The way quantum computers handle information enables them to perform certain computations inaccessible to traditional computers.

**The following reasons explain why post-quantum cryptography is necessary.**

- When User A wishes to transmit a message to User B, online contact between User A and B frequently uses public-key cryptography. Alice makes a public and private key pair to do this in private. User A encrypts a message that can only be decrypted by User B’s private key using the public key.
- Because only Alice has the private key, but everyone else has access to her public key, traditional computers find it challenging to recognize a private key. The mathematical issues related to the connection between private and public keys currently need to be solvable by traditional computers.
- Because of the distinctive way that quantum computers analyze information in comparison to traditional computers and the ability to do different computations, they can estimate a private key incredibly rapidly. It has an algorithm that can quickly determine a private key only based on the public key.
- Without new benchmarks for public-key cryptography, quantum hackers can listen in on many online conversations and tamper with a system that depends on confidence. This could undermine trust and privacy online.

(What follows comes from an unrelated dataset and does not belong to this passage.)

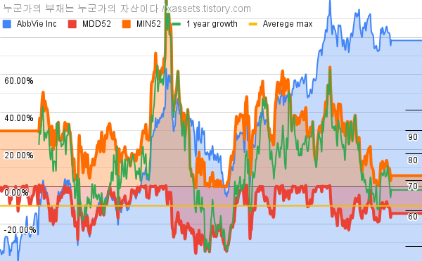 - 애브비의 10년 평균 MDD는 -10.43%고, 52주 최저가 대비 평균 상승률은 28.28%다.

The key differences between quantum cryptography and post-quantum cryptography are shown in the following table.

Quantum Cryptography | Post-Quantum Cryptography | |

1 | “Quantum cryptography,” sometimes known as “quantum encryption” or “quantum security,” is the term used to describe the use of quantum physics in the science of cryptography. | A group of techniques known as post-quantum cryptography are usually public-key algorithms and have been developed to resist an attack from a quantum computer. |

2 | Specialized hardware will be required for implementation. | Most solutions won’t require specialized hardware but rely only on software. |

3 | Quantum physics says a quantum channel cannot be successfully intercepted without detection. | Algorithms can be examined to determine how reliable they are, but there is no guarantee that someone won’t eventually find a way to defeat them. |

4 | It only uses optical communication through an optical fiber in open space. | It works with any digital communications media, including optical communications and RF wireless networks. |

5 | Higher expenses because new communications infrastructure and technology are required. | Solutions for software-based synthesis will be reasonably priced. |

6 | Although it’s unlikely, it’s feasible that it could be used for digital signatures. | Many versions of the standards are currently being developed for the usage of digital signatures. |

7 | There are only a few choices. Use should only be made of line-of-sight nodes. | Appropriate for communicating via any mobile device. |

Quantum-safe symmetric ciphers include AES-256 and Twofish-256. Most well-known public-key cryptosystems, including RSA, DSA, ECDSA, EdDSA, DHKE, ECDH, and ElGamal, are quantum-broken! Most digital signature algorithms, including RSA, ECDSA, and EdDSA, are quantum-broken.

Although AES is secure against conventional computers, quantum attacks can still exploit it. It’s crucial to comprehend how AES functions and why it is susceptible to quantum attacks.

Sensitive data, communications, and access are secured in the age of quantum computing because of quantum-safe cryptography. Cryptography is used in almost all of your computer-related activities.

To combat the risk posed by quantum computers, both quantum-secure and quantum-safe solutions will be required. However, quantum-secure solutions are now available to secure long-term data against attacks that can be harvested and decrypted in the future. In contrast, quantum-safe solutions are still being developed for current threats.

The most muscular and reliable encryption method currently used in commerce is AES 256-bit encryption. AES 128-bit encryption has never been broken, even though AES 256-bit encryption is theoretically more challenging to penetrate than AES 128-bit encryption.